Like any mega-distribution agreement, the acquisition of Mayer by Rexel raises questions about further consolidation in the electrical circuit and beyond. Gordon says when discussing the news of the deal with a distributor, this executive told him, âWell, this is a signal I should sell. “
âThere will be other potential sellers who will look at this deal and say, ‘Maybe I would like to sell too,’ Gordon adds. âThe challenge for some of them is where do they stand with a strategic acquirer? If someone is in a big market and all the strategic acquirers are already there, who needs them?

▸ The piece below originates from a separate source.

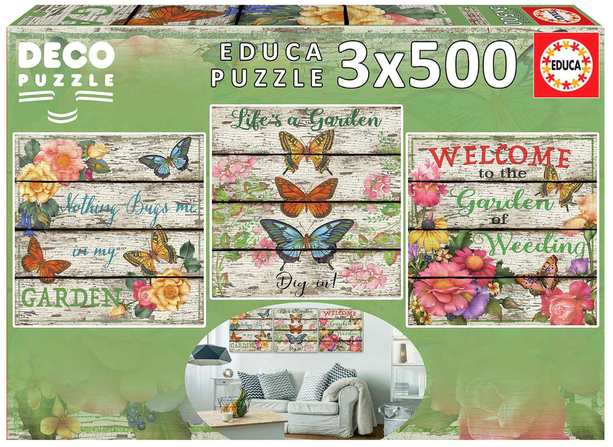 Puzzle 3x500 Kwiaty i Motyle 109639 Gra

But there will be more offers in 2021.
Gunderson agrees that this transaction has the potential to fuel mergers and acquisitions, and even trigger changes in the buying group landscape, of which Mayer is a major player.
âThe biggest ripple in the pond that I see will be in the buying groups, because Mayer is a major distributor of IMARK,â he says. âDoes this partnership continue, and if not, how does it affect the Distributors who are part of IMARK and the Affiliate Distributors? This could cause more distributors to move between groups or consider selling. To me, this move is like a move from Texas or Oklahoma to the SEC. This will likely cause more distributors to switch conferences.
We always welcome suggestions for âBehind the Dealâ, the MDM series that delves deeply into market changes in wholesale distribution. E-mail [email protected] to be present.